Swedish film director and screenwriter (born 1965)

Ella Elisabet Lemhagen (born 29 August 1965) is a Swedish film director and screenwriter. In 2013 she received the honorary award, Gullspira, for her outstanding work in youth culture, in the Guldbagge Award, awarded by the Swedish Film Institute.

==Early life==
Ella Elisabet Lemhagen was born on 29 August 1965 in Uppsala.
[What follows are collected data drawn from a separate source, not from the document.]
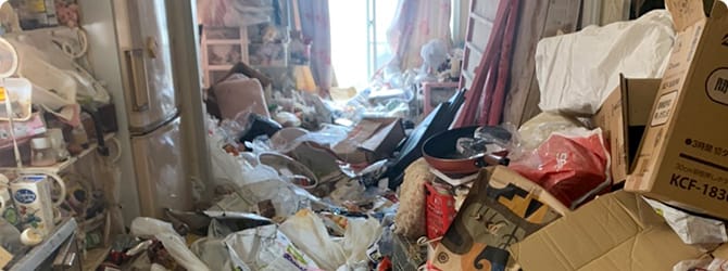 どんなに荒れ放題のゴミ屋敷でも、大阪の遺品整理プロスタッフにお任せください。精鋭スタッフと車両を大量投入し、近隣に配慮しながら一気に片付けます。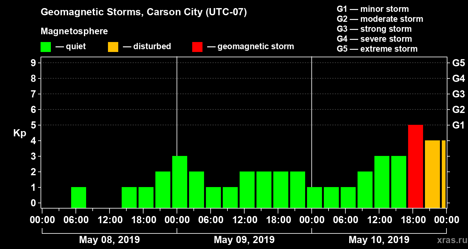 Changes in the geomagnetic index Kp from May 8 to 10, 2019 for mid latitudes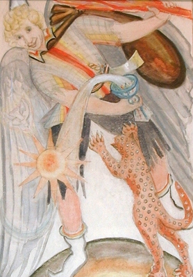 Дурак — не кто иной, как сам Дух Святой. Из чаши Грааля в его правой руке вылетают голубь — символ Святого Духа; бабочка — символ трансформации; крылатый шар — символ вечно движущегося воздуха; и египетская богиня-коршун Маут (Мут)7. Подобно Деве Марии, Маут зачала от духа (дыхания) ветра. «Вся картина в целом — символ Творческого Света»8, — заключает Кроули.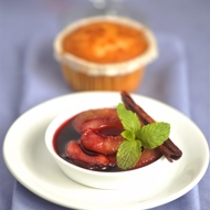 Cut the plums in half, remove the pits, and add them to the saucepan with the wine.

She went to Dramatiska Institutets director's program from 1988 to 1991.

==Career==
Lemhagen's first full-length film was Drömprinsen- filmen om Em which premiered in Swedish cinemas in February 1996. It's about a young girl, Em, who one day sees her playhouse burn down. By accident her gaze meets the eyes of the one responsible for the fire whom she later runs into and a new, different friendship begins.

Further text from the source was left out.